I know, I know. You thought I fell off the face of the earth. I am sorry, sorry, sorry. I didn't. I am still here and still going strong. Well, pretty strong. I have a JC weigh in tomorrow, but got on my scale in my bathroom -- yikes! --- this morning. I was a dead-on 184. Assuming I have a good day today, that puts me at about 185.5 tomorrow at JC. Woot, woot!!!
My summer has been busy, busy, busy! I am STILL NOT working out regularly, and I need to do that if I want the weight to peel off more quickly. But for just a little yet, I'll keep up with what I'm doing. I'll deal with flabby underarms and jiggly thighs another day. For today, I leave you with a great little prayer my mom sent me today.

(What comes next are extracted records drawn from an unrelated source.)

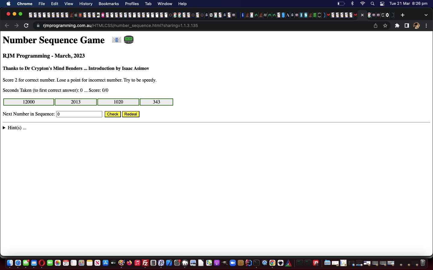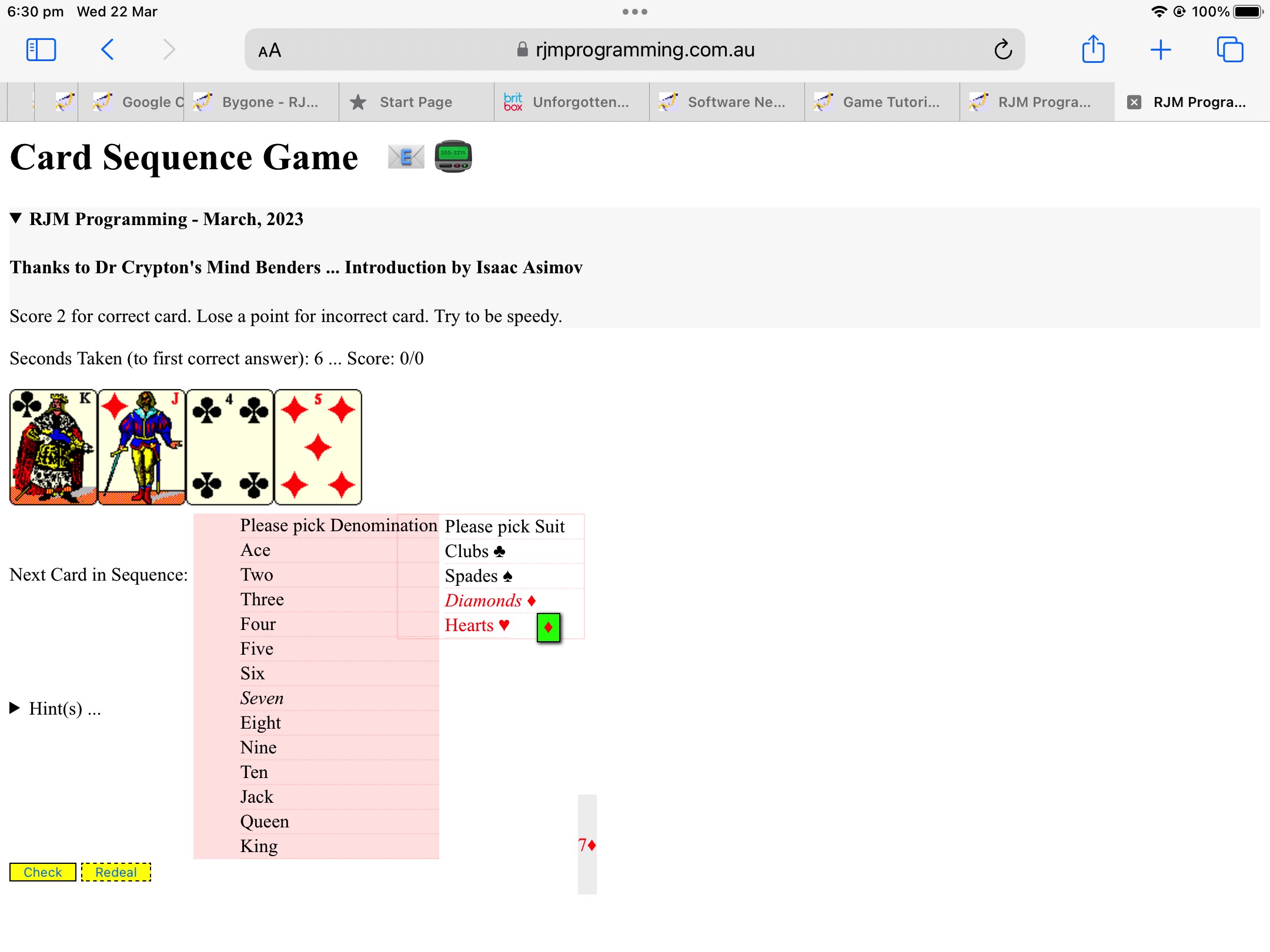 During the day before yesterday’s Card Sequence Game Multicoloured Dropdown and Mobile Tutorial we kept a snapshot of the code aside. Why? Well, it suited as the clone to work with, in order to develop today’s new Number Sequence game we were inspired by Dr Crypton’s Mind Benders, Introduction by Isaac Asimov (ISBN 0207146144) to write.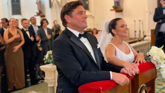 Matías Alé chega vestido com um smoking eleganteacompanhante RioEle divide um bassê com sua esposa Martina está amarrada com um vestido branco de Benito Fernándezcom linhas clássicas e detalhes românticos. diante do altar, eles fazem um juramento que significa amor eterno “perpétuo”.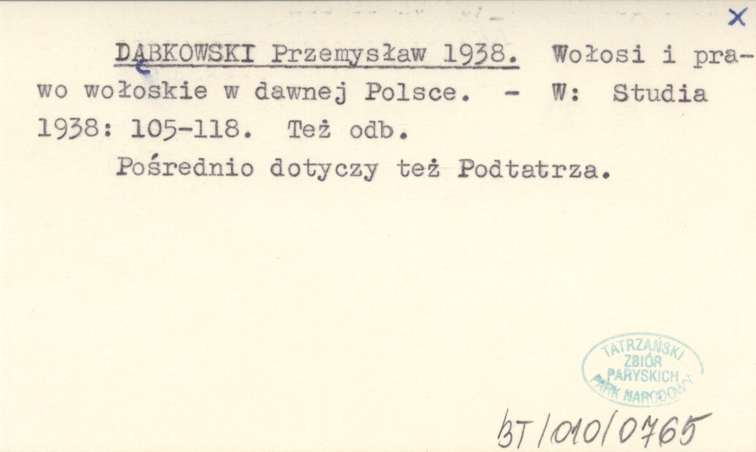 Studia 1938: 105-118. , Pośrednio dotyczy też Podtatrza. Też odb.

Lord, my soul is ripped with riot
incited by my wicked diet.
"We Are What We Eat," said a wise old man!
Lord, if that's true, I'm a garbage can.
To rise on Judgment Day, it's plain!
With my present weight, I'll need a crane.
So grant me strength, that I may not fall
into the clutches of cholesterol.
May my flesh with carrot-curls be dated,
that my soul may be poly unsaturated.
And show me the light, that I may bear witness
to the President's Council on Physical Fitness.

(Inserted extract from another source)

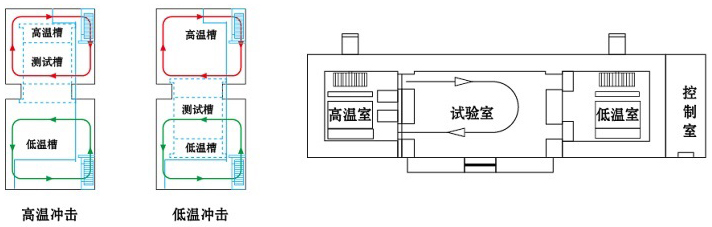 兩廂設(shè)備區(qū)分為高溫區(qū)和低溫區(qū)兩部分,測試產(chǎn)品置于提籃中,沖擊時(shí)提籃將測試產(chǎn)品移近高溫區(qū)或低溫區(qū)進(jìn)行沖擊,測試產(chǎn)品為動(dòng)態(tài)式。 采用觸控式操作界面,操作簡易TEMI8229,沖擊箱專用儀表,智能操作。 沖擊方式應(yīng)用風(fēng)路切換方式將溫度導(dǎo)入測試區(qū),做冷熱沖擊測試。 高溫沖擊或低溫沖擊時(shí),時(shí)間不低于999H,循環(huán)周期不小于9999次。系統(tǒng)可做自動(dòng)循環(huán)或手動(dòng)選擇性沖擊。 降溫效果快,不可以試驗(yàn)沖擊常溫。 |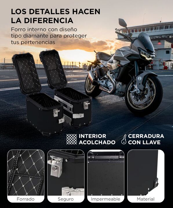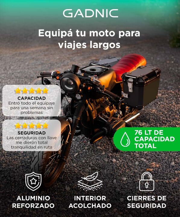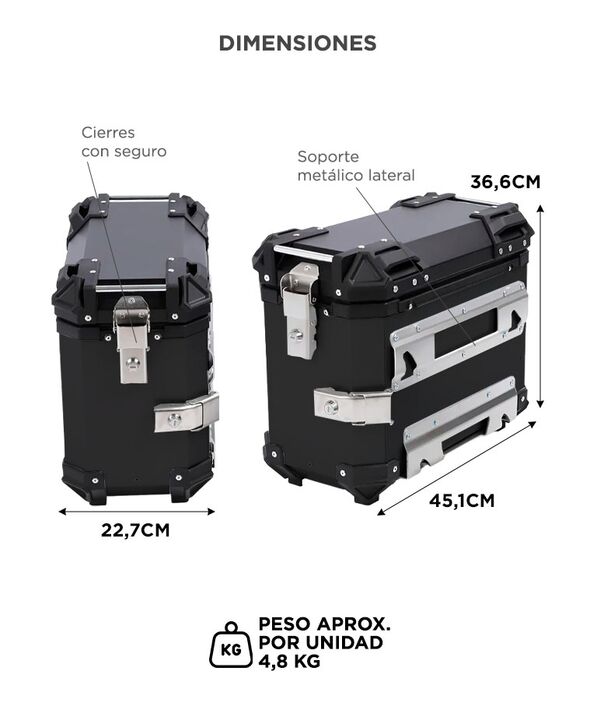 Capacidad Y Practicidad Para Viajes El kit de baules laterales Vetra ofrece 38 litros de capacidad por unidad permitiendo transportar equipaje y accesorios con comodidad. Son adecuados para viajes largos y trayectos en ruta. Su formato lateral optimiza distribucion del peso en la motocicleta. Permit...

And at oleo margarine I'll never mutter,
for the road to Hell is spread with butter.
And cream is cursed; and cake is awful;
and Satan is hiding in every waffle.
Mephistopheles lurks in provolone;
the Devil is in each slice of baloney.
Beelzebub is a chocolate drop,
and Lucifer is a lollipop.
Give me this day my daily slice
Cut it thin and toast it twice.
I beg upon my dimpled knees,
deliver me from jujube's.
And when my days of trial are done,
and my war with malted milk is won.
Let me stand at the Heavenly gate,
In a shining robe, Lord – wearing size 8..
I can do it Lord, if you'll show to me,
the virtues of lettuce and celery.
Teach me the evil of mayonnaise,
and of pasta a la Milanese...
and crisp-fried chicken from the South.
Lord, if you love me, shut my mouth. Amen
Have a fantastic weekend my friends! God Bless!